I have done more internet dating than anybody should ever have to in their whole life.

I’ve gone with serious profiles (forget it), poems as profiles (lots of interest but rarely suitable) and funny but slightly obscure profiles (if they don’t get it, well, reality is we won’t get on anyway).

Suffice to say none of these has been staggeringly successful . In fact the most successful was much more of a cut to the chase quick meet off a site which  might as well have been called fancyashag.com, which ended up lasting a year. I’ve met them all- all fellas, all shapes and sizes, with increasing desperation at the futility of it all. 

The thing about internet dating is that it’s so throwaway. Quick look. No? Flick. Next. No. Flick. You don’t know them. They’re not people, just commodities to browse like an estate agents window .   There are hundreds, thousands more . Meet one in the flesh and your fate is decided  in the first two minutes. Not perfect? Hundreds more to try. Flick. Flick. Flick. 

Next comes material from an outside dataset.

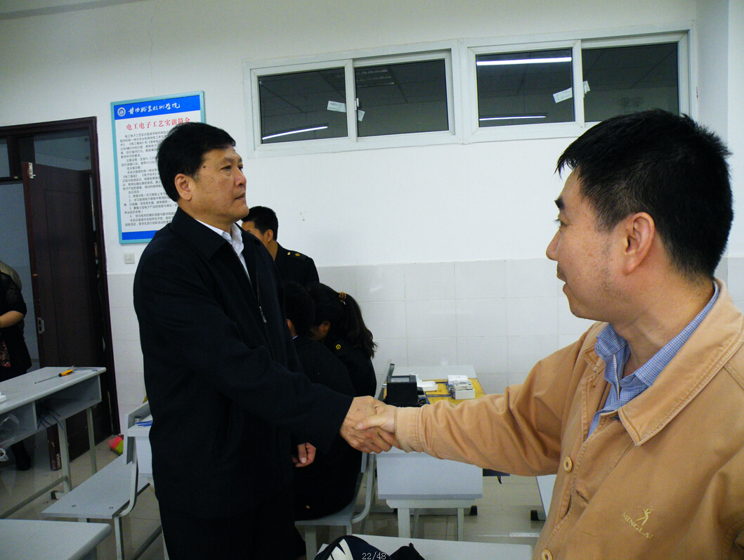 参观结束后在407会议室进行座谈,院党委书记杨彦峰参加座谈会。吴学玲副院长介绍了学院的基本情况,石厅长对学院多年来在高技能人才培养方面取得的成绩表示肯定,鼓励学院积极探索高等职业教育与技工教育的融合,高标准建好高技能人才培养基地和技能大师工作室。杨彦峰书记对来宾的到来表示热烈欢迎,并介绍了学院的总体情况,要求装备分院要参照国内发达地区高技能人才培养基地建设经验,结合学院省级示范建设,高标准做好做实高技能人才培养基地建设。

Embarking on internet dating lesbian style,  it’s a different game. Profiles number in the hundreds not the thousands, and only a handful realistically in the running. It became abundantly clear that you  can’t afford to chuck people away for spurious reasons  – there just aren’t enough of them.

The question  was how to approach it. First off, the crucial matter of photos. I settle eventually on me looking intrepid half way up a mountain, me looking cultured  at historic sites of interest, and me in a dress looking quite hot actually if you don’t mind me saying so, just so you know yes I sometimes wear a dress. Right. Well that took about four hours longer than it was supposed to. 

Then the words. First try- too flippant. Next one, too wordy. Keep it short, keep it witty I thought. Pique their interest. Come into my parlour said the spider to the fly – come, come, my pretty. 

Finally, five versions later, unleashed upon the world I winked,  smiled and fairly regularly hid.

In the big heterosexual internet pond there is always another. Flick flick flick. In the small lesbian goldfish bowl, even in one of the biggest and most diverse cities on the planet, you can’t afford to be throwing any of the decent ones back in. 

It worked. I think I hooked a good one. I can’t remember who winked first but we’ve  reeled each other in nicely. Enough fishing analogies? Perhaps. 

I take it back, internet. Not as futile as I thought.